- Material shown:
※
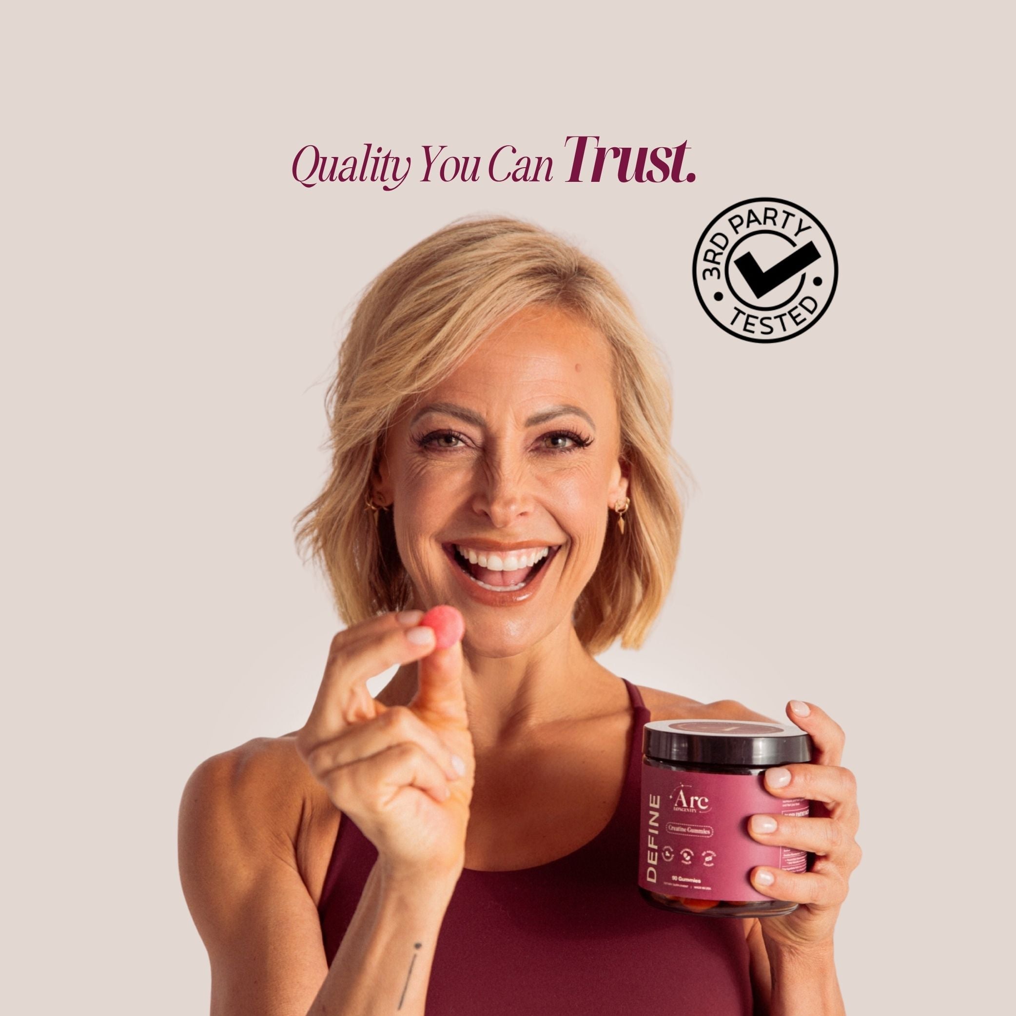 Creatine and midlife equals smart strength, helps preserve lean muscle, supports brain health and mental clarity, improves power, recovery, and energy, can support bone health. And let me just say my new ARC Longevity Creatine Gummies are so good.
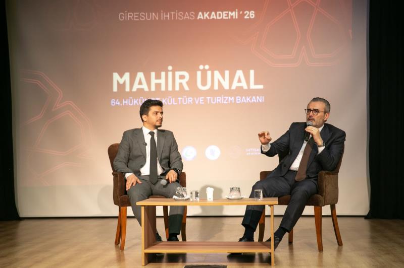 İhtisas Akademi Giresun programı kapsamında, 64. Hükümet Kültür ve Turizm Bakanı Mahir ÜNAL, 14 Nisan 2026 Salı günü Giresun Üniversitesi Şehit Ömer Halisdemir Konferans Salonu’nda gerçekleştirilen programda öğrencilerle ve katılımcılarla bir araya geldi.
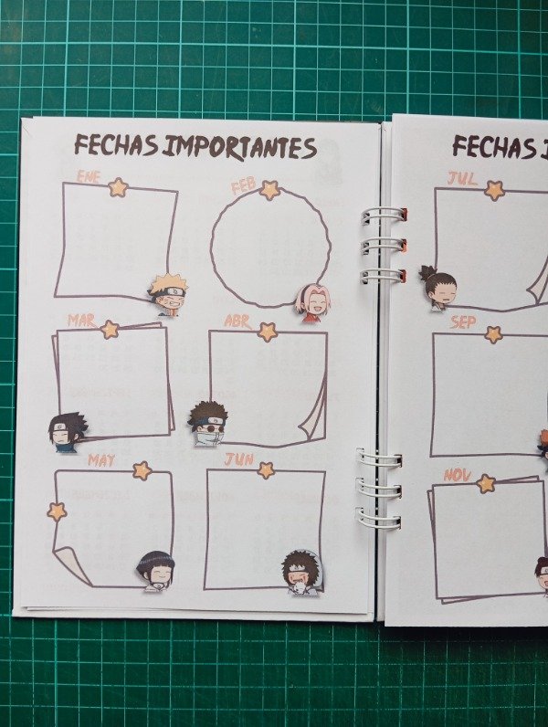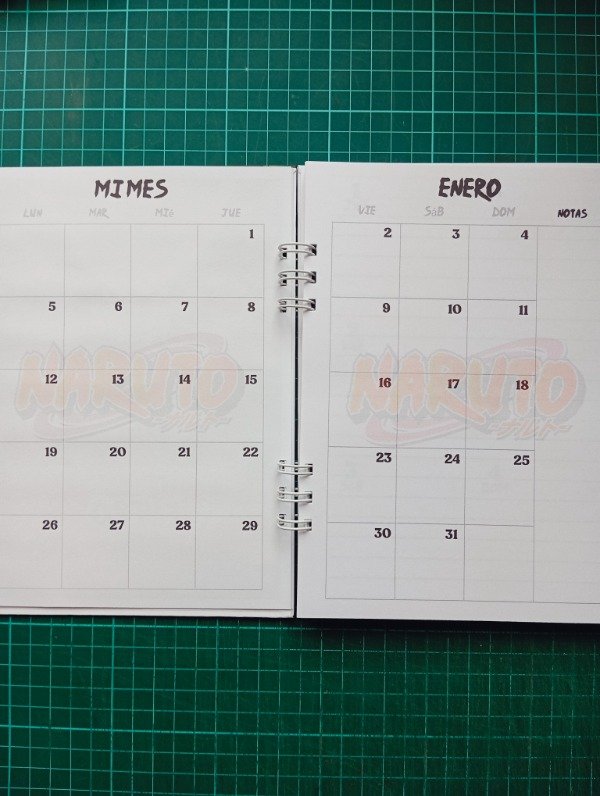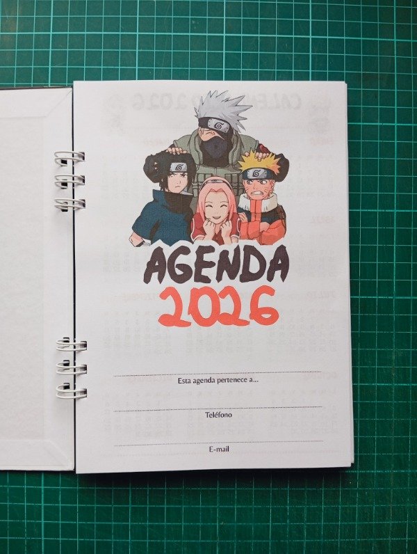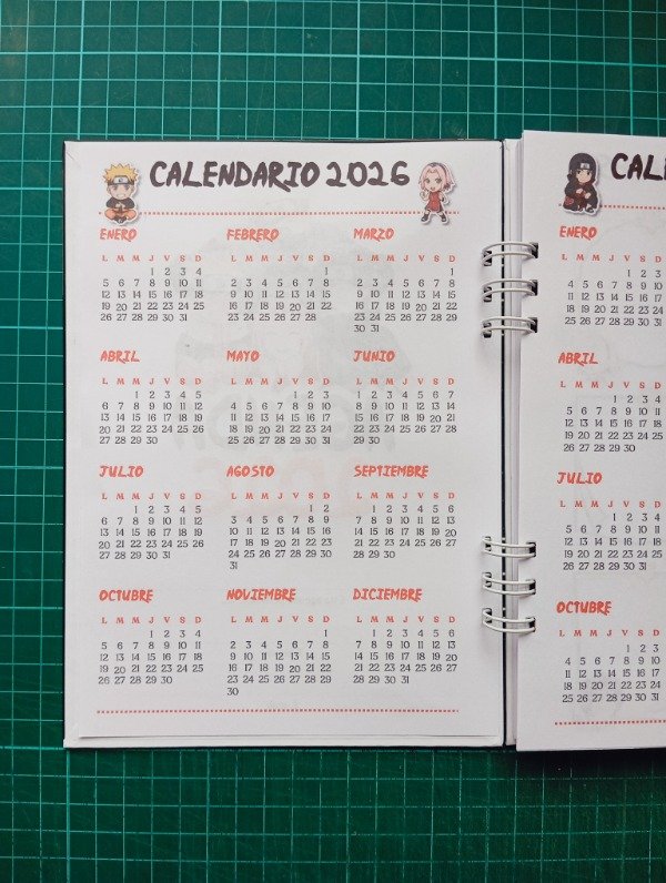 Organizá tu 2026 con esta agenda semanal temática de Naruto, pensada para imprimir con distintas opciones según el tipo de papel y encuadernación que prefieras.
※
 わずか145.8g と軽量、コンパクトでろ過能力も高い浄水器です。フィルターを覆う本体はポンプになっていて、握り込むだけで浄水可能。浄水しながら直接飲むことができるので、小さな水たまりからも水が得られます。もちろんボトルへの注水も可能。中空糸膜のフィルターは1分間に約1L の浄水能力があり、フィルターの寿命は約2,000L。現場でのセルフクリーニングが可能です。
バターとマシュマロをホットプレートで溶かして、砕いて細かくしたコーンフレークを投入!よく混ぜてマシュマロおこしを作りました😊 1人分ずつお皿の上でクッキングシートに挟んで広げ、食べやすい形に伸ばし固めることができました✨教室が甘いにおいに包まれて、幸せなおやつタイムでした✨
※
Of the lines above, copy only those from the one holding "Creatine and midlife" to the one holding "Organizá tu 2026", both included, and exclude every image.

 Creatine and midlife equals smart strength, helps preserve lean muscle, supports brain health and mental clarity, improves power, recovery, and energy, can support bone health. And let me just say my new ARC Longevity Creatine Gummies are so good.
 İhtisas Akademi Giresun programı kapsamında, 64. Hükümet Kültür ve Turizm Bakanı Mahir ÜNAL, 14 Nisan 2026 Salı günü Giresun Üniversitesi Şehit Ömer Halisdemir Konferans Salonu’nda gerçekleştirilen programda öğrencilerle ve katılımcılarla bir araya geldi.
 Organizá tu 2026 con esta agenda semanal temática de Naruto, pensada para imprimir con distintas opciones según el tipo de papel y encuadernación que prefieras.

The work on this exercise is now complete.